Actually, I read a very thought-provoking blog entry by Gina about ridding your URLs of IDs and extensions etc.

In other words, making them more like English (or whatever language), and less like geekSpeak (spoken at many places, exspecially /.) A step toward the semantic Web.

Examples (paraphrasing Gina’s examples):

  • Bad: http://www.somesite.com/blog/index.php?entryID=123
  • Bad: http://www.somesite.com/blog/123/
  • Good: http://www.somesite.com/blog/why_I_blog/

Long story short, she didn’t like to either give away her file structure or bother people with IDs (123 is an identity column value), and she wanted to give a meaningful URL – “why_I_blog” is more meaningful than “123” (agreed!).

As someone who has built his own blogging tool (implemented locally, only), this was a great article.
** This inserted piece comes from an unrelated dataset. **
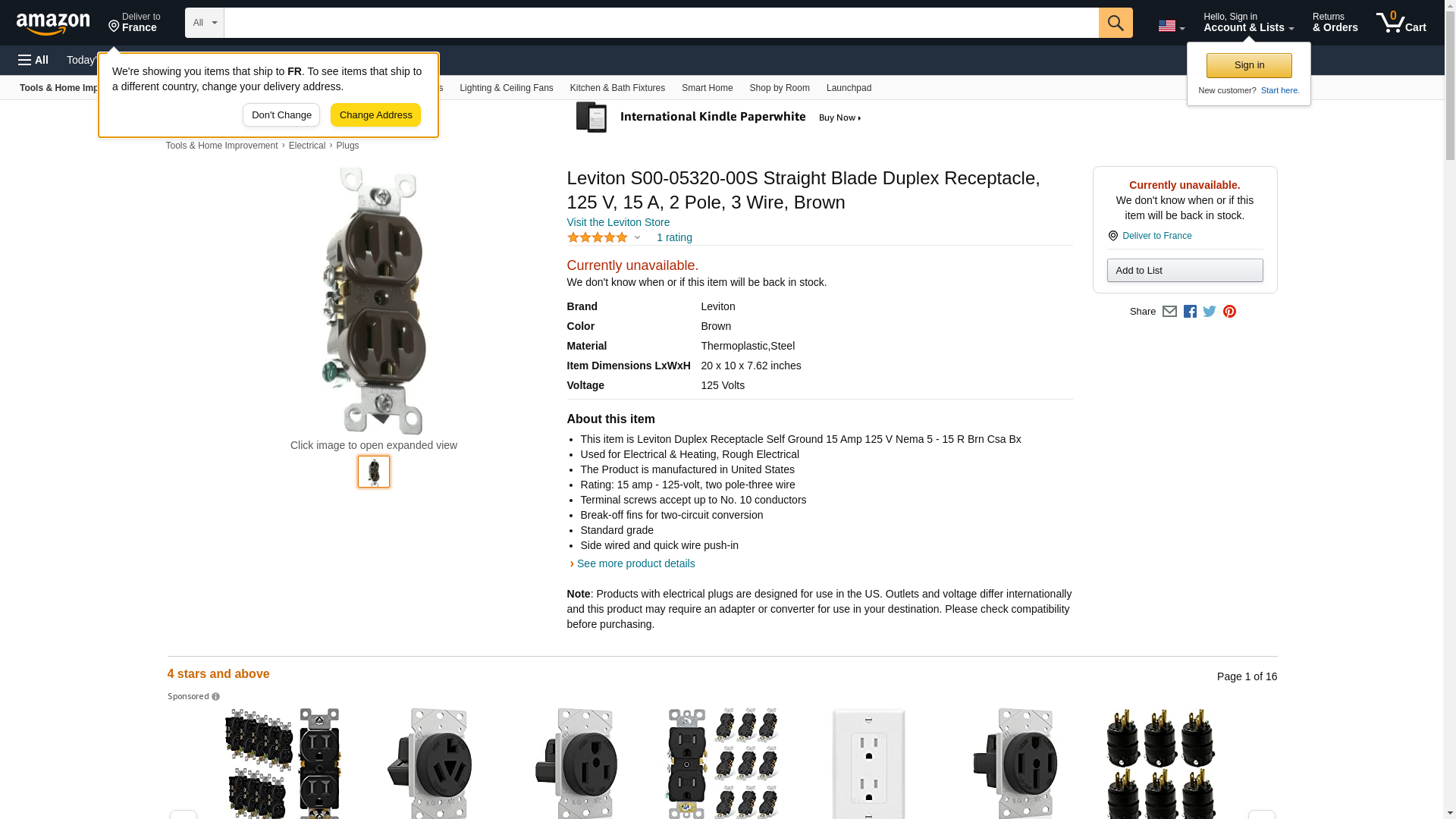 Sold as 23 UNITS at $1.12 per unit. (1 unit = each.) 15 amp. 125 volt. NEMA 5-15R. 2P, 3W. Straight blade. With ears duplex receptacle. Residential grade. Thermoplastic body material. Self grounding. Quickwire Push-in and side wired. Steel strap. Boxed. Brown . Manufacturer number: S00-05320-00S. SKU #: 3172277. Country of origin: (TBA). Distributed by Leviton Mfg. Co.,, Inc.

I didn’t put a whole lot of thought into the way items were stored (or, more correctly, displayed) when I built the tool (building it was too much fun; honest…), but I have given it a whole lot of thought since then.

As in, a lot (plus tax…)

So, this article hit a nerve.

But I still don’t agree.

Here are some of Gina’s arguments, and my responses:

  • “…[?php.id=123 type URLs are] not good because it includes a file extension (.php) which is sure to change when I port my site to Python CGI or Java Server Pages or flat files…” This is a valid concern, but I don’t put too much stock in this. If you can’t do a code sweep to find all links (twixt anchor open/close tags) and replace, say “.php” with “.jsp”, well Houston, you’ve got a problem. (10/07 update: One issue that was NOT mentioned was that extensions will break bookmarks (index.php is now index.jsp; if pages were both “index” [sans extensions], bookmarks would work. Excellent argument for such, but Gina didn’t explicitly mention it. And I was too stoopid to realize this…)
  • Expanding on the above: The above issue sort of assumes that the same code will somehow be directly ported from your old ASP site to your new PHP site. Nope. At least, that’s been my experience. Usually, the issue is with the database, pulling data from there. That is the part that should be rock-solid.
  • “File extensions expose technical details of the site’s inner workings” As in, hmm, .php3, when are they going to upgrade? and so on. I have several responses:

    • So what? So people can see that you run on ASP vs. PHP. Big whoop. The dorks (us) will always be able to figure this out, so why hide it?
    • Non-dorks don’t even pay attention to URL structure (past the www.blah.com). File extension? What’s that? Oh, it has to be an HTML page to display! (PHP? No, that’s not HTML…). This is mixing up content types and file extensions. Two different things.
    • The method Gina recommends to hide the extension (mod_rewrite) can also be used to – hey! – rewrite the extension!
    • To a much lower extent, extensions are a help to the middle users – not the casual users, not the hard-core dorks, but people that are working on the Web and that “.” extension helps them for whatever reason. Why not?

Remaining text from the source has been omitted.